Uwielbia filmy romantyczne - "Titanica" i "Białą Masajkę"
Pasją Katarzyny jest kino. Największe wrażenie zrobił na niej "Titanic". - Nie ma co ukrywać. Najbardziej lubię filmy romantycznie. Takie, w których ludzie się zakochują i przysięgają sobie miłość do końca życia. "Titanic" jest może trochę inny, bo tam dochodzi do katastrofy, ale to historia miłości silniejszej niż śmierć - mówi dziś Katarzyna. Jej drugi ulubiony film to "Biała Masajka". O Szwajcarce, która zakochuje się w Masaju.

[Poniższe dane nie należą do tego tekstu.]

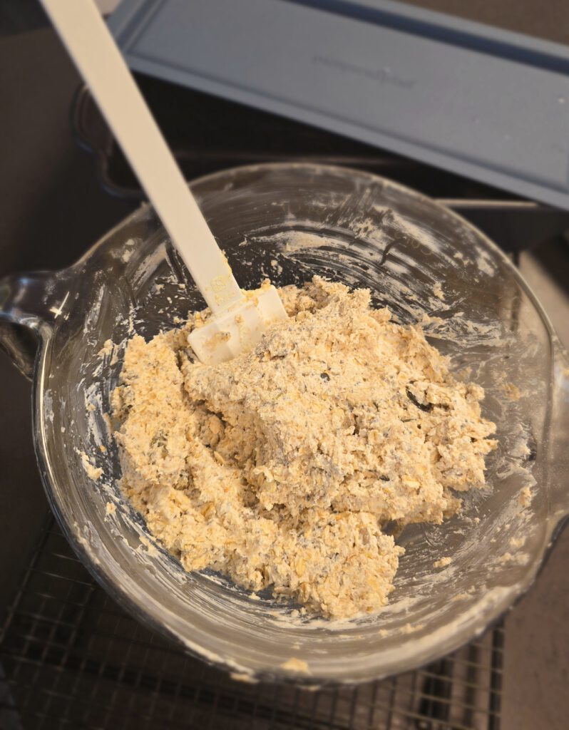 - Alles gut vermengen, zuerst mit einem Schaber, dann mit den Händen
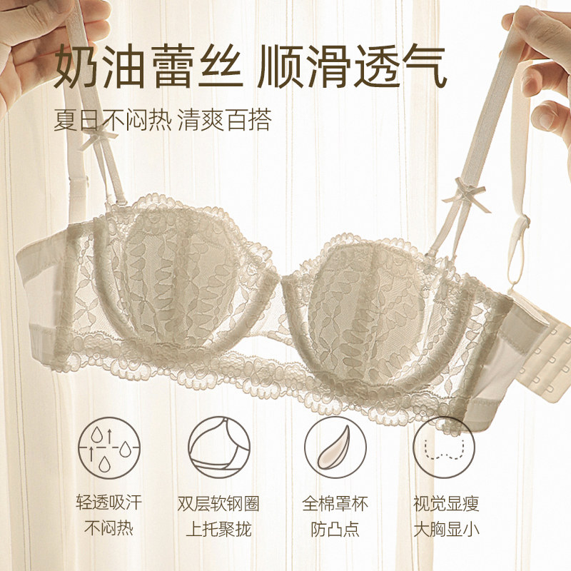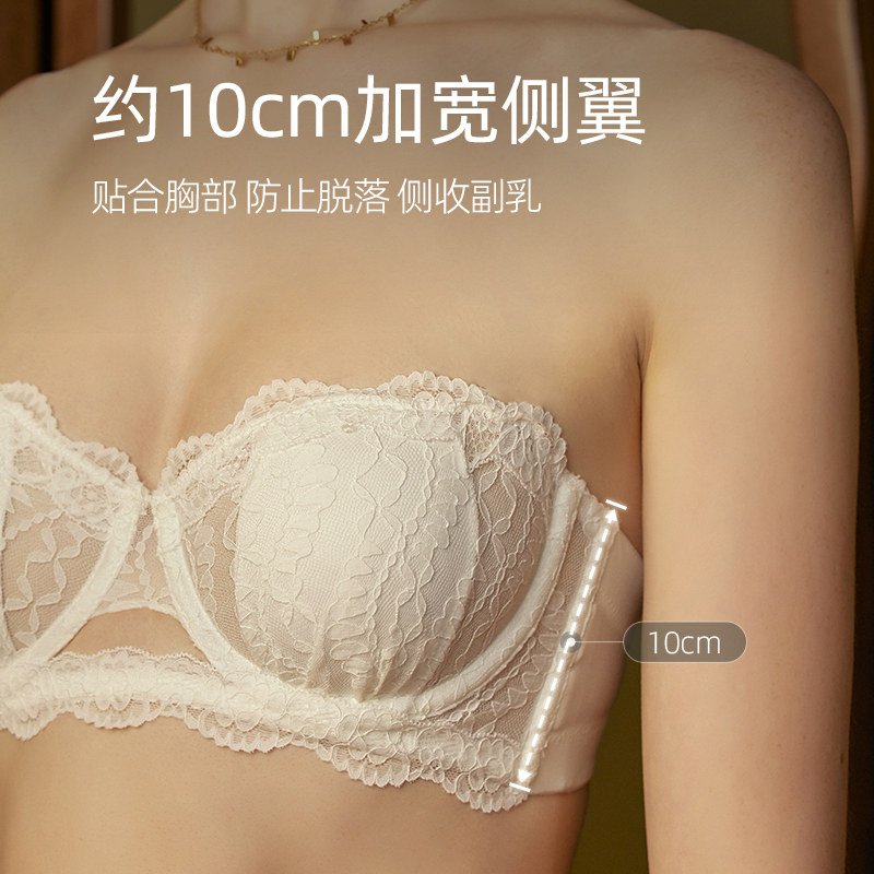 宝诗嫣无肩带大胸显小胸内衣女士性感薄款 防滑抹胸聚拢文胸罩套装
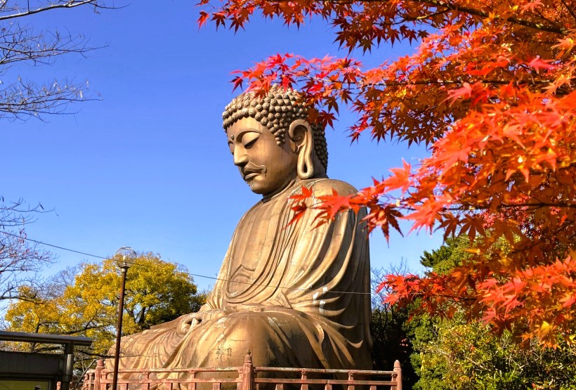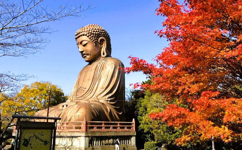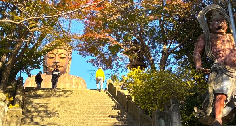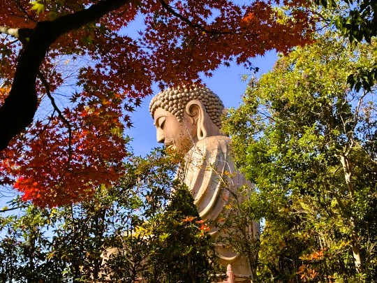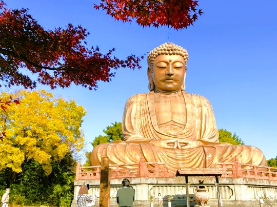 | 聚楽園大仏は奈良の大仏(14.98m)、鎌倉の大仏(12.38m)より大きく18.79mあります。 |
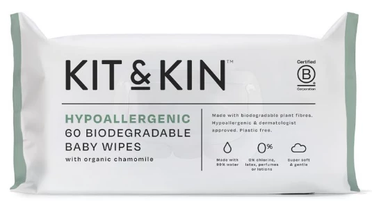 Kit and Kin, Biodegradowalne Bezzapachowe Chusteczki Nawilżane, 60szt

Dla tej miłości porzuca narzeczonego, ucieka ze Szwajcarii do afrykańskiego buszu i tam pragnie pozostać na zawsze.
"Czas, kiedy Katarzyna oglądała w kinie film za filmem, był najtrudniejszy w jej życiu. To wtedy po raz pierwszy poczuła, że od ludzi odgradza ją niewidzialna szyba. Jej koleżanki z klasy mówiły, że coraz bardziej zamyka się we własnym świecie, że trudno do niej dotrzeć, że czasem w ogóle nie słyszy, co się do niej mówi" - pisze autorka książki "Wybaczcie mi".
Zanim poznała męża, miała kilku chłopaków, z każdym. chodziła nie dłużej niż miesiąc. Potem okazywało się, że nic do nich nie czuje, i znajomość się kończyła. Najbardziej lubiła chyba Krzyśka Tuskiego. On był inny niż jej rówieśnicy. Był metalem. Pożyczał jej płyty do słuchania, opowiadał o kulturze metalowców. No i podobał jej się fizycznie. Któregoś razu Katarzyna powiedziała mu, że nie ma co czytać, pożyczył jej wtedy książkę "Patologia śmierci". - Dowiedziałam się z niej, co się dzieje z ciałem człowieka, kiedy ustaną już wszystkie funkcje życiowe organizmu. O tych robakach, które to ciało obłażą, i o tym, co zaczyna rozkładać się najpierw. To było bardzo ciekawe - mówi Katarzyna.